Those infamous little things; converting first-pitch fastballs into early runs, limiting the damage of an error-stricken inning and stranding your opponent's game-tying score harmlessly at third base.

And then came the sum of those little things for the Northern Lebanon ball club that had executed them all: one big ole win.

The Vikings held off cross-county foe Annville-Cleona, 4-3, in the penultimate game of their league crossover schedule, which marked a three-game win streak. Michigan Daub finished 2-for-2 with a triple, one RBI and a pair of runs scored, his last a first-look insurance run that proved to be the game-winner. Boosted initially by a two-run lead in the bottom of the third, Northern Lebanon senior Isaac Wengert went on to toss his fourth complete game.

"I was just pounding the outside corner," Wengert said. "They were trying to pull everything, and you never pull an efficient outside pitch, so they rolled over it and I let my defense do the work. It was a team win."

The Little Dutchmen (7-5, 5-5 Lancaster-Lebanon) have now dropped five of their last six, suffering more than half of those defeats by a single run.
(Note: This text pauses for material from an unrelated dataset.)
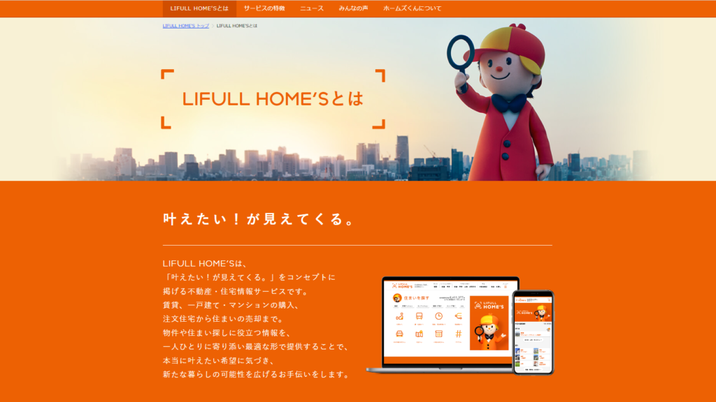 LIFULL HOME’S(ライフルホームズ)とは、創業20年以上の株式会社LIFULLが運営しているサイトで、「買う」「借りる」「リフォーム・建築」「売る」をサポートする日本最大級の不動産・住宅情報サイトです。
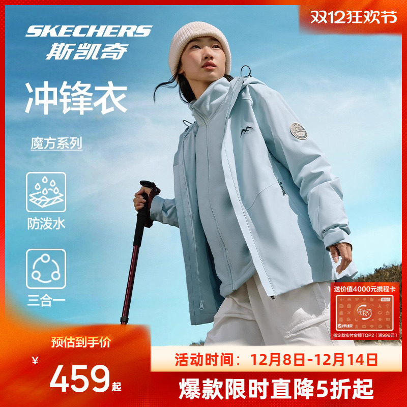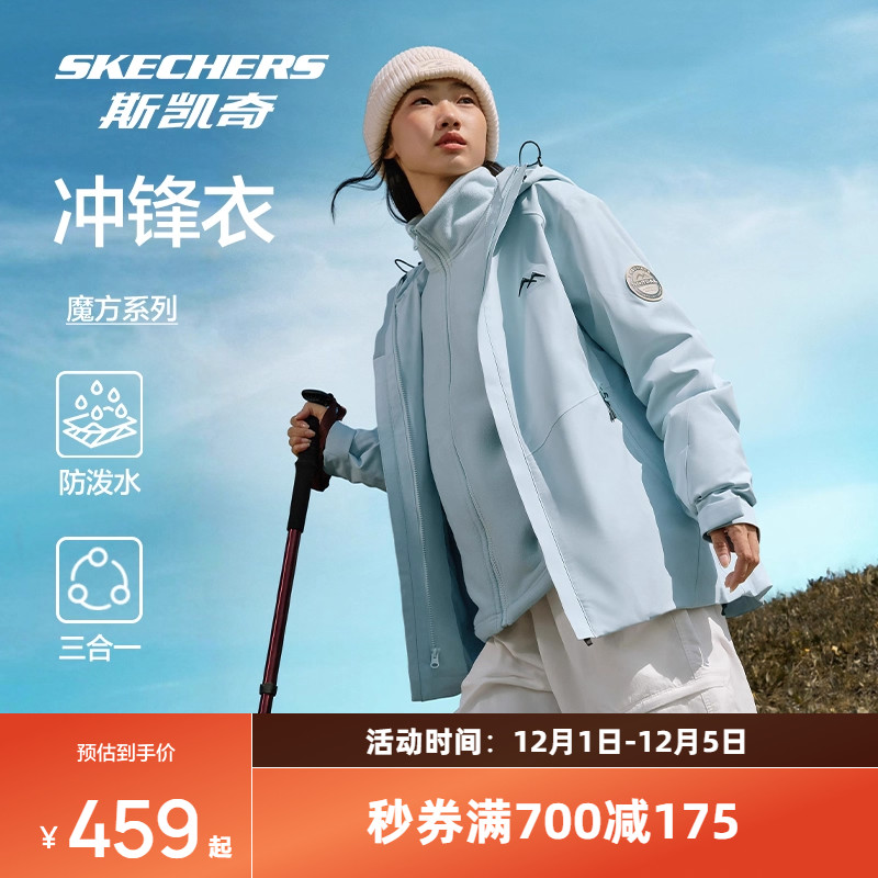 斯凯奇魔方冲锋衣冬季男女三合一保暖羽绒服户外抓绒内胆防水外套

Locked at one apiece during the third, Northern Lebanon (7-7, 5-5) sprung ahead as Daub poked a full-count offering from Little Dutchmen starter Eli Setlock into right field for an RBI single. Two batters later, Setlock was yanked in favor of Tyler Schrader, who finished the game and was only touched up for one more run when Daub came around in the fifth for a 4-1 lead.

Vikings third baseman Seth Walmer plated Daub on a single to left and went 2-for-3.

"It's frustrating for the kids. Another close one. We were right in the game the whole way," Little Dutchmen coach Scott Shyda said." (Tyler) Schrader came in and really kept them in check and that allowed us to stay in the game. We had some chances and just didn't get the big hit when we needed it."

No Annville-Cleona chance proved more excruciating than the top of the sixth, which opened with consecutive hits and Jordan Seyfert's sac fly. Now trailing by one, thanks to Seyfert and an earlier unearned run, the Little Dutchmen left their extra-inning ticket on third base via an ensuing grounder and punch-out.

That tough-luck fate, which haunted the Vikings over the first half of this season, now hovered over the opposing dugout. And for that they couldn't be more thankful. Not only due the thrill of victory, but the element of surprise it could afford them moving forward.

"We're hitting a lot better now and picking each other up," Daub said. "Nobody expects us to do much after the way we started out the season, losing all those close games.

"But now when we're coming a second time around against everybody, I think they should be a little scared."